Running EKS on AWS was their problem. If they didn't run EKS on AWS, they would've had a considerably simpler setup running Amazon Linux, not having to upgrade Kubernetes every 3 quarters, managing network security using security groups instead of having open internal networking, and running in a single AZ would've eliminated intra-AZ costs. In large data centers like us-east-1, an individual AZ is actually internally striped for extra redundancy, and you are much more likely to experience regional downtime than single AZ downtime, especially if you have a stable workload and do not rely on tech beyond rock-solid basics (EC2, VPC, ELB, S3, EBS). If you're willing to operate a single bare metal rack in a DC, you should be willing to run in a single AWS AZ.

I don't know how much time they spend configuring/dealing with Kubernetes, but I bet it's a large chunk of the 24 hour engineer-hours per quarter. But this is not a required expense: "EKS had an extra $1,260/month control-plane fee". Running EKS adds a massive IAM policy maintenance overhead, whereas a non-EKS (EC2 w/ golden AMIs) setup results in drastically simpler IAM policies.

NAT gateways are ~$50 a month, plus data transfer. Setting up a gateway VPC endpoint to S3 will avoid having to pay transfer charges to S3.

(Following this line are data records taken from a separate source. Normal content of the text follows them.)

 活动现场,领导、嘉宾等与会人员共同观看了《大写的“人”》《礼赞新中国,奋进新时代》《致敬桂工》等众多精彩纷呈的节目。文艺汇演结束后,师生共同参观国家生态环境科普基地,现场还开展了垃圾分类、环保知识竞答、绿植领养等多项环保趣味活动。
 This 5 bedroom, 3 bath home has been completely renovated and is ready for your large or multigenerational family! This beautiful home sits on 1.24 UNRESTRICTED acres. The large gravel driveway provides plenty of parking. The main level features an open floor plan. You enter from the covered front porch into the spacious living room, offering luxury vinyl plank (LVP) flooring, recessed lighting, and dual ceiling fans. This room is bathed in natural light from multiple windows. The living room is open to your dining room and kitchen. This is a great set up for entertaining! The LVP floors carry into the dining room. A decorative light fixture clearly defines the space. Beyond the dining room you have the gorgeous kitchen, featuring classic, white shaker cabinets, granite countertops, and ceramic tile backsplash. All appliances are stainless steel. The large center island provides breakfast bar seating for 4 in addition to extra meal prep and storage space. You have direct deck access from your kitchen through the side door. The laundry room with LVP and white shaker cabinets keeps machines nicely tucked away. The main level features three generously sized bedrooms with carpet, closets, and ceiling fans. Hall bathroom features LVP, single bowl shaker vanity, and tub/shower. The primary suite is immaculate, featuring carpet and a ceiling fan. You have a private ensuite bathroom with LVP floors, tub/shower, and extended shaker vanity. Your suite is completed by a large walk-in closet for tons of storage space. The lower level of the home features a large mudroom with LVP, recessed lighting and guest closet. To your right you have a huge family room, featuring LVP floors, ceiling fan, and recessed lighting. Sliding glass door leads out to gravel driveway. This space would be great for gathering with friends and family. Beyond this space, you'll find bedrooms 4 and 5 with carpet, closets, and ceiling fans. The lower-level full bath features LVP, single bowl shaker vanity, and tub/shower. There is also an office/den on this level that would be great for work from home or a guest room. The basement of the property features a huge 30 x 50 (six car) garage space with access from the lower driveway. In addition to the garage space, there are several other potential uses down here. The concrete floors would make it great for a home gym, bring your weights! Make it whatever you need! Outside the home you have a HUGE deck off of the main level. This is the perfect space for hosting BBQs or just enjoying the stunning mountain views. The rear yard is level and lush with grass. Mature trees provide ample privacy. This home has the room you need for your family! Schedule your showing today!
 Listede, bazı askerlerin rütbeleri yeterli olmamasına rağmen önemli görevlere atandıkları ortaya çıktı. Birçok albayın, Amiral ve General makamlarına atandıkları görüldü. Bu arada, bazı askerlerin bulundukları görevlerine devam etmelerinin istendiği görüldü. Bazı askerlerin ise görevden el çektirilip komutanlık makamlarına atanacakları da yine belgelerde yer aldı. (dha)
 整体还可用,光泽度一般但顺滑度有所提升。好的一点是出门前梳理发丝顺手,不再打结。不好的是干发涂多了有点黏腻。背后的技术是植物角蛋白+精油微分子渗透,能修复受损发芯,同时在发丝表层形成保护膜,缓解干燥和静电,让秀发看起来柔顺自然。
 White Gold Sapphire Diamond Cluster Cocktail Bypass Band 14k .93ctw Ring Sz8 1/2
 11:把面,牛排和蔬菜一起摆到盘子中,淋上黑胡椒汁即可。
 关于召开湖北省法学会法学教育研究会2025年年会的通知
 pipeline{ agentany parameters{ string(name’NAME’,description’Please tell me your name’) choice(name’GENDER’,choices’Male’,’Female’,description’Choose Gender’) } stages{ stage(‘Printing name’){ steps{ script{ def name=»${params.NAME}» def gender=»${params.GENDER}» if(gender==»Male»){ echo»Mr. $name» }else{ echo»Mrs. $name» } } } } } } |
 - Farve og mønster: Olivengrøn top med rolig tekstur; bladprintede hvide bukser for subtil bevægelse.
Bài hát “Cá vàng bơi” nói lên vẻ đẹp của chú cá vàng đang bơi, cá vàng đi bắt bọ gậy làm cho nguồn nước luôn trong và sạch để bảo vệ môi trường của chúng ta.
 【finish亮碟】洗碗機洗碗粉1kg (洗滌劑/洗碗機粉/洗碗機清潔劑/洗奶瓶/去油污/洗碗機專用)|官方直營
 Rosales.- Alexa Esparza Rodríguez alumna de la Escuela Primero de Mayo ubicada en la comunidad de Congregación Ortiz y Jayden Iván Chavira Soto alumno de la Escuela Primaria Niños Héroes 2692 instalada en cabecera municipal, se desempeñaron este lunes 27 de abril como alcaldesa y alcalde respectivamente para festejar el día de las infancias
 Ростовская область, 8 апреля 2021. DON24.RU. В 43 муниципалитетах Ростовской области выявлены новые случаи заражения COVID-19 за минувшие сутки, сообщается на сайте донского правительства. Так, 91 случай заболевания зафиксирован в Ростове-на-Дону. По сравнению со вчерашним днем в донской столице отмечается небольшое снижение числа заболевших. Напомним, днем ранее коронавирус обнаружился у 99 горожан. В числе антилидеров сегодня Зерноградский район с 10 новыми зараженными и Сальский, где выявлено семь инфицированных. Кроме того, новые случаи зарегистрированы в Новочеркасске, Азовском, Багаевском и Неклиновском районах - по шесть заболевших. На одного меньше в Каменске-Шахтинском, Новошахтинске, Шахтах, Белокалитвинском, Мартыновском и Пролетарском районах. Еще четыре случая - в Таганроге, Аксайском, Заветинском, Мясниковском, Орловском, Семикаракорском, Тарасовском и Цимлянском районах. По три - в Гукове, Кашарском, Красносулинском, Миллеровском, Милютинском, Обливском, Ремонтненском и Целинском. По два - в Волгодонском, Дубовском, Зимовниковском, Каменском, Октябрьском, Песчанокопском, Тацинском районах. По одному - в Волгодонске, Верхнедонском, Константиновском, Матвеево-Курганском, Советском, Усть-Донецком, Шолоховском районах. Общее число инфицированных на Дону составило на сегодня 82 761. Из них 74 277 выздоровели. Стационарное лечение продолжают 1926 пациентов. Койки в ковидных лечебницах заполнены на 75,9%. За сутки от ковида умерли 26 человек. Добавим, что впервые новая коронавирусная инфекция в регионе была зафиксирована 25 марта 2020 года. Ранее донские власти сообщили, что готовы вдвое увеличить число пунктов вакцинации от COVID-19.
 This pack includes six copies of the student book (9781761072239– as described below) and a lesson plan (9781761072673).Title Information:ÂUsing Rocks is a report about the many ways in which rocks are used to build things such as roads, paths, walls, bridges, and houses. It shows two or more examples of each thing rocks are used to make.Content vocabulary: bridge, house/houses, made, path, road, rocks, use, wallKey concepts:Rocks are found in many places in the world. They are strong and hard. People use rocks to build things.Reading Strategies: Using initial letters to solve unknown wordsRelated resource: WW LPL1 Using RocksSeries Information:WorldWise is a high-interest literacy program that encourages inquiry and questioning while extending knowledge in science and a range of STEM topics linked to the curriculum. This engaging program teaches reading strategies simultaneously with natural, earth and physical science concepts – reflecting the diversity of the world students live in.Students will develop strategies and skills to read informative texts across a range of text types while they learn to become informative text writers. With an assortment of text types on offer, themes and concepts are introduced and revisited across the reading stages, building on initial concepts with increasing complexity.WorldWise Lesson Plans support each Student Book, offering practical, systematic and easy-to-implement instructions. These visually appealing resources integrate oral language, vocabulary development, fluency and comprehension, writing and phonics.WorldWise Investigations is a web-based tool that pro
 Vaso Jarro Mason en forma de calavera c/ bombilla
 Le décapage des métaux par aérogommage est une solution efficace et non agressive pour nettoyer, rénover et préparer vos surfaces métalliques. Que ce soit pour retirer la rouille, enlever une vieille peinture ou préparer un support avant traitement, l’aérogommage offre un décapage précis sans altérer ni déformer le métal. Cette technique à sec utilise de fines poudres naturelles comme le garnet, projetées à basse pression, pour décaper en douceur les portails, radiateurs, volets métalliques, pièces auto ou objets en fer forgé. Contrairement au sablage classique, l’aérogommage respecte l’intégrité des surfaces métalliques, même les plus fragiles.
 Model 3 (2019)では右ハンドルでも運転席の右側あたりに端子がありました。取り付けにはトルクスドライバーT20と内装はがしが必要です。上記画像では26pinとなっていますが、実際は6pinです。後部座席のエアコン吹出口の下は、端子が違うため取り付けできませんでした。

They were at 90% reservation capacity, so they should be using reservations for greater savings and in fact, running stable workloads with reservations is something that AWS excels at. Reservation means that you will be able to terminate and re-launch instances even when there's a spike in demand from other users--your instance capacity is guaranteed.

Running the basics on VMs also effectively avoids vendor lock-in. Every cloud provider supports VMs with a RedHat clone, VPCs, load balancing, networked storage, access controls, object storage and a fixed size fleet with auto-relaunch on instance failure.

With a consistent workload, they would have very likely escaped the downtime from AWS a week ago as well, because, as per AWS, "existing EC2 instances that had been launched prior to the start of the event remained healthy and did not experience any impact for the duration of the event".

With Terraform and automation for building launchable images, you can stand up a cluster quickly in any region with secure networking, including in a separate AWS account, in the same region, for the sake of testing.

With AWS, you can set up automatic EBS backups of all your data to snapshots trivially, and even send them to a 3rd locked-down account, so they can't be accidentally wiped.